MATSHELANE MAMABOLO
KE NAKO!
The cry that reverberated throughout South Africa back in 2010 is now on Gordon Lesetedi’s lips.
It is time, the athlete from Sekhing village in Taung, North West Province, believes. It is time that he finally becomes Comrades Marathon champion after many years of trying. It is time that he finally lives up to the promise he showed in 2018 when he finished in sixth, and in his top-five finish last year.
“Ke nako,” Lesetedi said during our telephonic interview. He is in a high- altitude camp in Dullstroom, Mpumalanga, where champion-producing coach John Hamlett is sharpening him up for the ultimate road running battle on Sunday.
“I am saying it is time to win Comrades. That’s the plan for this year.
“Things have gone well. Training is done and I am just waiting for Friday to go to Durban.”
Lesetedi will be running his ninth Comrades this weekend and with three gold medals to his name – in 2018, 2019 and 2023 – he is a serious contender for glory. He finished fourth last year and says that great run that saw him narrowly miss out on the podium places has given him confidence for this edition.
“I am full of confidence because of what I achieved last year. I realised from that race that I am capable of winning this race.
“The key will be to stick with the leading bunch until the 75km (mark) because that’s when the podium positions are decided. If you can be strong around that mark, you are in with a good chance.”

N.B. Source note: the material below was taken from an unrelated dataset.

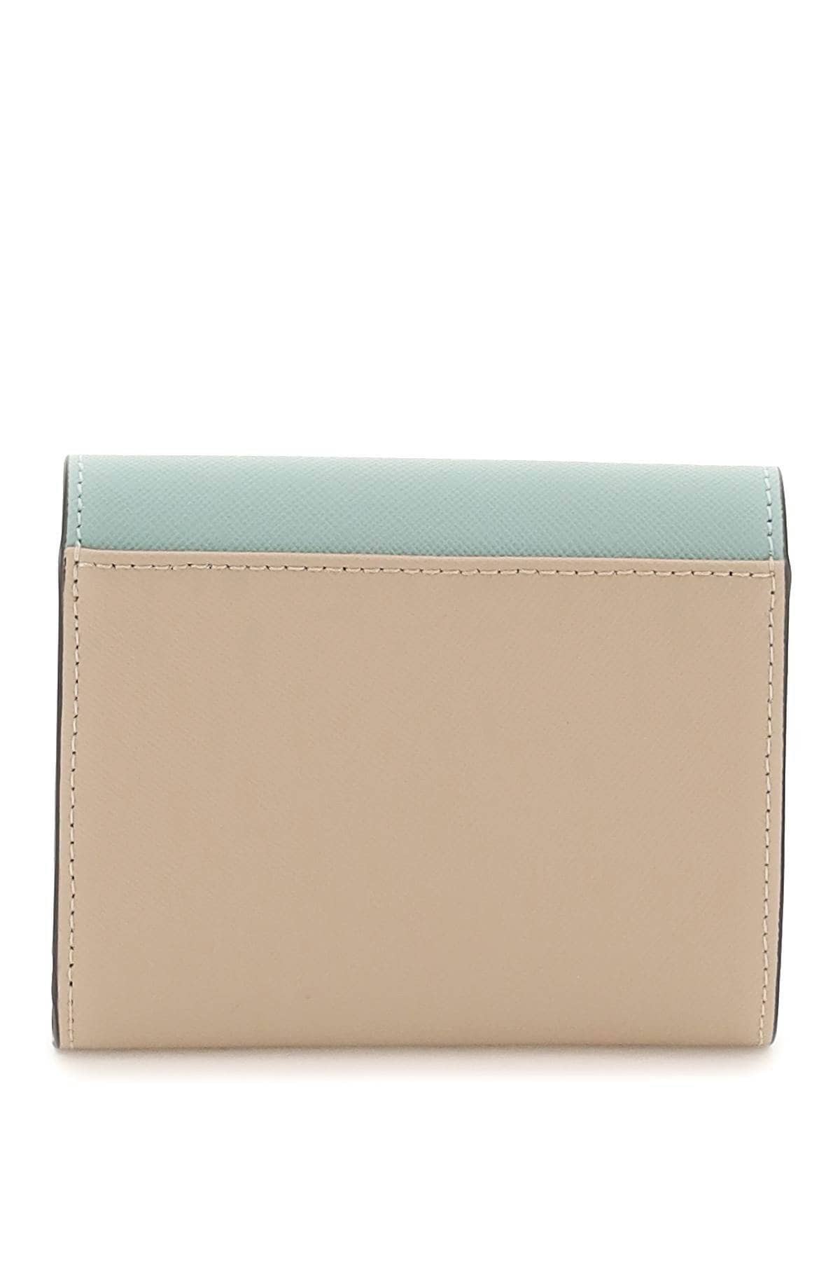Marni bi-fold wallet crafted in multicoloured saffiano leather, featuring flap with press-stud closure and gold-tone lettering logo print on front. Patch pocket under the flap, leather interior with a fabric-lined banknote compartment, four ticket pockets, four credit card slots and a zipped coin pocket. Gold-finished metalware.

His belief in his chances also stem from the fact he has been in and around the gold medal positions for a while now.
“I have consistently been in the top 10 since 2018, so I think this year is my time.”
He admits, though, that his up run time, particularly from the previous race back in 2019, is not the kind that will frighten his adversaries.
“I know I don’t have a good time for the up run. I ran 5:52:40 in 2019 when I finished in ninth place,” he said, of the gold medal he won after debutant Nkosikhona Mhlakwana’s legs went all jelly on him with 500m to go and he overtook him.
“I was tiring at the end but since then I have worked hard and in the last two races I finished stronger.”
Those races were down runs, though, and aware of that, he has worked even harder this year – going into camp a week before his teammates ‘to push a little bit more than I did in the past’.
And with champion-maker Hamlett as his coach, Lesetedi has good reason to believe he can be victorious on Sunday.
“I was drawn to Comrades after seeing Andrew Kelehe win the race. But he told me I was still young and that I needed to choose between soccer and running because I was not going to be able to be successful doing both,” the man nicknamed Zane for his football prowess, after former Mamelodi Sundowns superstar Zane Moosa, explained. “And now I am trained by the man who helped not only Andrew but a few others to win the Comrades.”
Lesetedi believes the key to his success will be taking Hamlett on his word. After all, the man has a proven track record, the former colonel having produced at least four Comrades champions – Kelehe and his younger brother Gift as well as David Gatebe and Ann Ashworth.
“We just have to listen to what he says, we must do and eat what he says because when you see the people who went through his coaching and listened to him and succeeded, there is pleasure in knowing that his ways work.
“When you do what you want and not what he tells you are defying what has been proven to work, then you will not achieve like those who came before you. I want to be like Andrew and Gift and the others that coach worked with.”
And that is become Comrades champion. And he is in no doubt that ke nako.